Circle, the USDC Coin issuer, has denied reports of the company blaming the US Securities and Exchange Commission for its stalled $9 billion plan to go public last December.
Circle’s representative has responded to a Financial Times article written on Jan. 25. It mentioned that Circle “blamed” the SEC for its failed listing through the prolonged merger agreement approval.
A Circle spokesperson has cleared the air that this was not what occurred. The company did not blame SEC for the termination of the merger agreement with Concord. He further stated that any information passed contrary to that was inaccurate.
Circle: “The deal simply termed out”
The platform’s listing on the New York Stock Exchange (NYSE) was the move that would enable them to combine with Concord.

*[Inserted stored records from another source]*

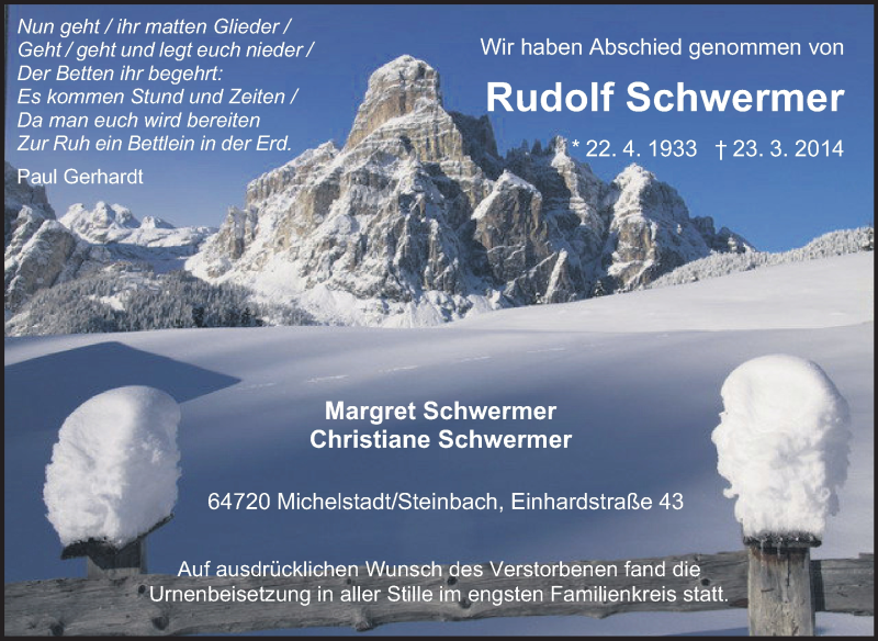 Hier finden Sie alle Traueranzeigen aus der Zeitung, die bisher für Rudolf Schwermer erschienen sind. Weitere Traueranzeigen, die in der Zeitung erscheinen, werden hier ebenfalls aufgelistet
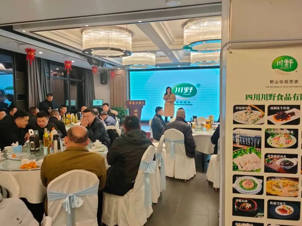 川野长沙代理商、尚味潇湘湘菜特色食材总经理成伟致欢迎词,分享菌菇食材为长沙市场带来的商机,介绍川野菌菇食材的快捷方便和特色品质。
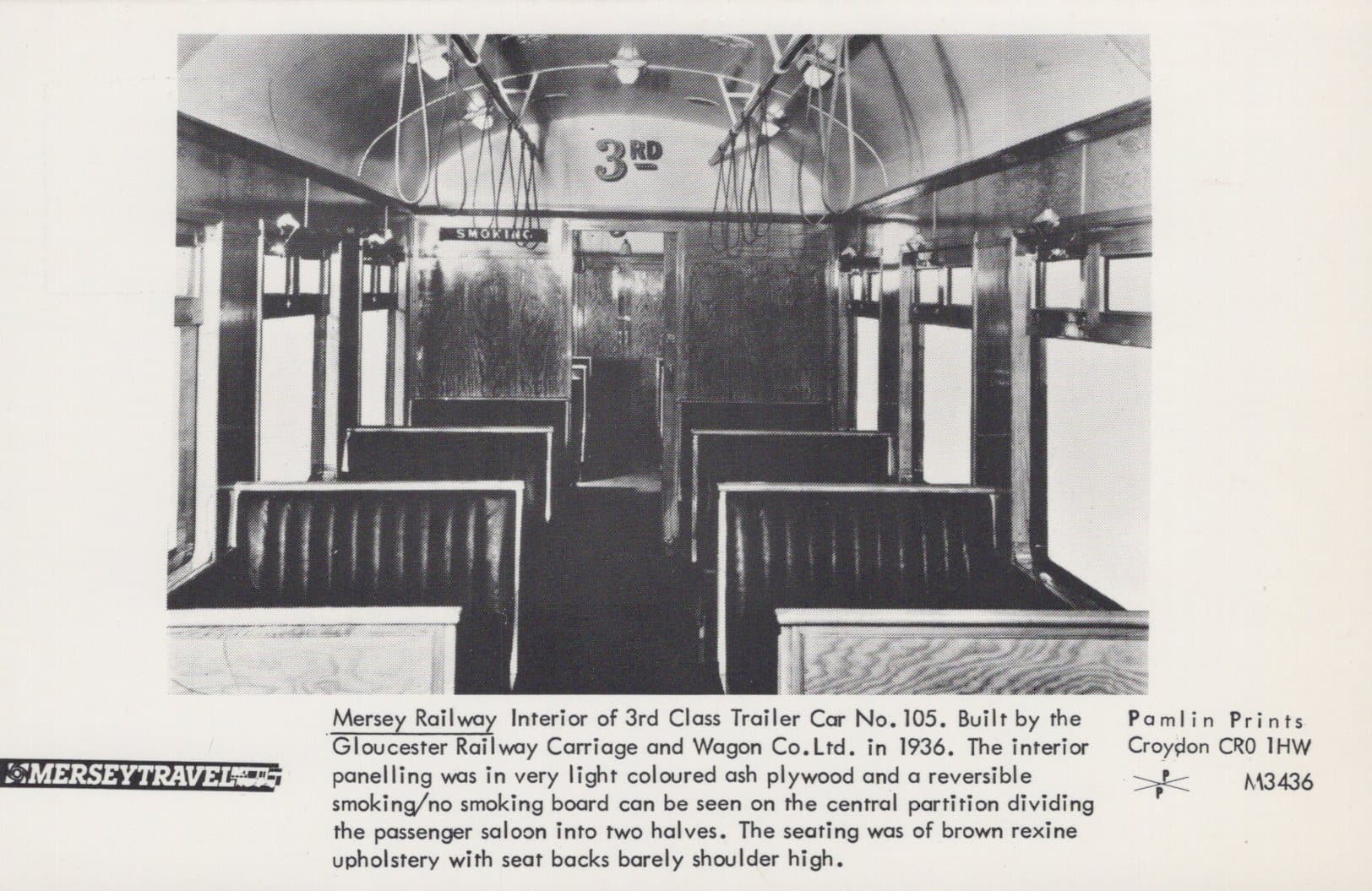 Railways Postcard - Mersey Travel - Mersey Railway, Interior of 3rd Class Trailer Car No 105 - Mo’s Postcards
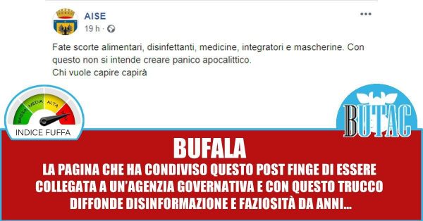 Classico post allarmistico che chiunque può aver scritto, ma farlo sotto al nome AISE è particolarmente grave. AISE infatti sta per Agenzia Informazione e Sicurezza Esterna. Si tratta di un’agenzia reale, che fa capo al Consiglio dei Ministri. La pagina su Facebook però è un falso, che da sei anni diffonde link e post senza alcun controllo. Per farvi capire perché è grave esistano pagine simili vi riporto la descrizione di AISE dal sito governativo ufficiale:

However, as crypto.news earlier reported, Circle mentioned that the merger remained incomplete as the SEC had not declared the associated S-4 registration effective in time. Hence, the agreement lapsed on Dec. 10.

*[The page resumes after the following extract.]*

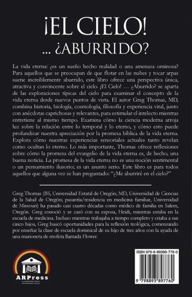 La vida eterna: ¿es un sueño hecho realidad o una amenaza ominosa? Para aquellos que se preocupan de que flotar en las nubes y tocar arpas suene increíblemente aburrido, este libro ofrece una perspectiva única, atractiva y convincente sobre el cielo. ¡El Cielo! ... ¿Aburrido? se aparta de las exploraciones típicas del cielo para examinar el concepto de la vida eterna desde nuevos puntos de vista. El autor Greg Thomas, MD, combina historia, biología, cosmología, filosofía y experiencia vital, junto con anécdotas caprichosas y relevantes, para estimular el intelecto mientras entretiene al mismo tiempo. Examina cómo la ciencia moderna arroja luz sobre la relación entre lo temporal y lo eterno, y cómo esto puede profundizar nuestra apreciación por la promesa bíblica de la vida eterna. Explora cómo nuestras experiencias sensoriales actuales tanto revelan como ocultan lo eterno. Lo más importante, Thomas ofrece reflexiones sobre cómo la promesa del evangelio de la vida eterna es, de hecho, una buena noticia. La promesa de la vida eterna no es una noción sentimental o un pensamiento ilusorio; es un asunto serio. Este libro es para todos aquellos que alguna vez se han preguntado: "¿Me aburriré en el cielo?"
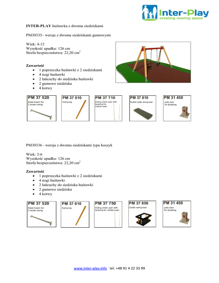 INTER-PLAY huśtawka z dwoma siedziskami PM30335– wersja z dwoma siedziskami gumowymi Wiek: 4-12 Wysokość upadku: 126 cm Strefa bezpieczeństwa: 22,20 cm2 Zawartość 1 poprzeczka huśtawki z 2 siedziskami 4 nogi huśtawki 2 łańcuchy do siedziska huśtawki 2 gumowe siedziska 4 kotwy PM30336 - wersja z dwoma siedziskami typu koszyk Wiek: 2-6 Wysokość upadku: 126 cm Strefa bezpieczeństwa: 22,20 cm2 Zawartość 1 poprzeczka huśtawki z 2 siedziskami 4 nogi huśtawki 2 łańcuchy do siedziska huśtawki 2 gumowe siedziska 4 kotwy www.inter-play.info tel. +48 91 4 22 33 99 PM30337 - wersja z jednym siedziskiem gumowym i jednym siedziskiem typu koszyk Wiek: 2-12 Wysokość upadku: 126 cm Strefa bezpieczeństwa: 22,20 cm2 Zawartość 1 poprzeczka huśtawki z 2 siedziskami 4 nogi huśtawki 2 łańcuchy do siedziska huśtawki 1 gumowe siedzisko, 1 siedzisko typu koszyk 4 kotwy Część rysunkowa www.inter-play.info tel. +48 91 4 22 33 99 CHARAKTERYSTYKA Elementy drewniane Najwyższej jakości sosna Północna Technologia drewna klejonego odpornego na pęknięcia Zabezpieczenie przeciw wilgotnościowe Połączenie z gruntem za pomocą metalowych kotew Elementy metalowe Elektrostatyczne malowanie proszkowe Stabilne na promienie UV, nieblaknące Galwanizowane na gorąco elementy łącznikowe oraz kotwy Galwanizowane uchwyty Panele Odporne na wilgoć oraz na działanie promieni UV plastikowe panele wykonane z HDPE Grubości 10, 15 oraz 19 mm Przyjazne środowisku, wykonane z recyklingu Platformy pokryte antypoślizgową “brązową” powłoką, lub drewniane Zjeżdżalnia Boki wykonane z tworzywa HPDE Ślizg wykonany ze stali nierdzewnej (INOX inlay) Lub z polipropylenu (PP) Liny i sieci Spełniające wymagania TŰV, odporne na przecinanie 6-rzyłowe, skręcone, stalowe rdzenie lin Liny: Ø 16 mm, 6x8x0,70, pokryte kolorowymi włóknami polipropylenowymi Wytłaczane stalowe końcówki lin, galwanizowane element łączące Plastikowe element łączące i akcesoria Akcesoria Galwanizowane śruby oraz inne element montażowe Plastikowe uchwyty i podnóżki są wewnątrz metalowe Siedziska huśtawek Bezpieczne gumowe siedziska z miękkimi krawędziami Siedziska koszyki dla małych dzieci Oba typy są zgodne z EN1176 www.inter-play.info tel. +48 91 4 22 33 99

The Circle spokesperson mentioned the statements made in December and said that the deal simply termed out.
On the other hand, Concord did not publicly disclose the reason why the business merger did not take place. However, on Dec. 5, it filed an 8-K form with SEC on the same day the deal caved in. The paper stated its reason for delisting from the NYSE was its “abnormally low trading price levels.”
In a tweet on the same day, Circle’s CEO Jeremy Allaire was seen expressing his disappointment that they could not complete the qualifications to become a publicly listed company.
However, he still had positive words directed to SEC, saying that the regulator has always been rigorous and thorough in the industry’s understanding. He added that the review SEC did was necessary to establish transparency, trust, and accountability for major crypto companies.